- [Task item]:
A stretch of the entries below is to be set down exactly, running from the line with "志愿者为食堂工作人员测量血压" through the line with "ボリューム感のあるたぷっと袖", both included, and no other line.

- [Listed records]:
────────────────────────────────────────

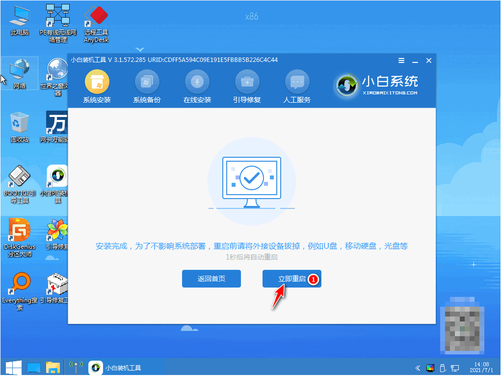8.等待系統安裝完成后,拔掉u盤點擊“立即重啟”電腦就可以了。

────────────────────────────────────────

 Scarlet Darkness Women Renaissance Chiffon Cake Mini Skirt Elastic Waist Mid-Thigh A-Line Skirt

────────────────────────────────────────

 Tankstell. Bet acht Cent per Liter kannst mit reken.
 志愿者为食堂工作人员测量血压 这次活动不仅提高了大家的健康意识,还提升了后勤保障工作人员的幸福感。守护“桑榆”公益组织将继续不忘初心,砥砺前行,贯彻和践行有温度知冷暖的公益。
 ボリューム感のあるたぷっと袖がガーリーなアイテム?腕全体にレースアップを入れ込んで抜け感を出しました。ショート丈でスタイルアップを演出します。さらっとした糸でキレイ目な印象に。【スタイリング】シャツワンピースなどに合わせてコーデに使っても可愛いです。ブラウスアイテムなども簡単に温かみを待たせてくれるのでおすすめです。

────────────────────────────────────────

- [Response for this exercise]:
 志愿者为食堂工作人员测量血压 这次活动不仅提高了大家的健康意识,还提升了后勤保障工作人员的幸福感。守护“桑榆”公益组织将继续不忘初心,砥砺前行,贯彻和践行有温度知冷暖的公益。
 ボリューム感のあるたぷっと袖がガーリーなアイテム?腕全体にレースアップを入れ込んで抜け感を出しました。ショート丈でスタイルアップを演出します。さらっとした糸でキレイ目な印象に。【スタイリング】シャツワンピースなどに合わせてコーデに使っても可愛いです。ブラウスアイテムなども簡単に温かみを待たせてくれるのでおすすめです。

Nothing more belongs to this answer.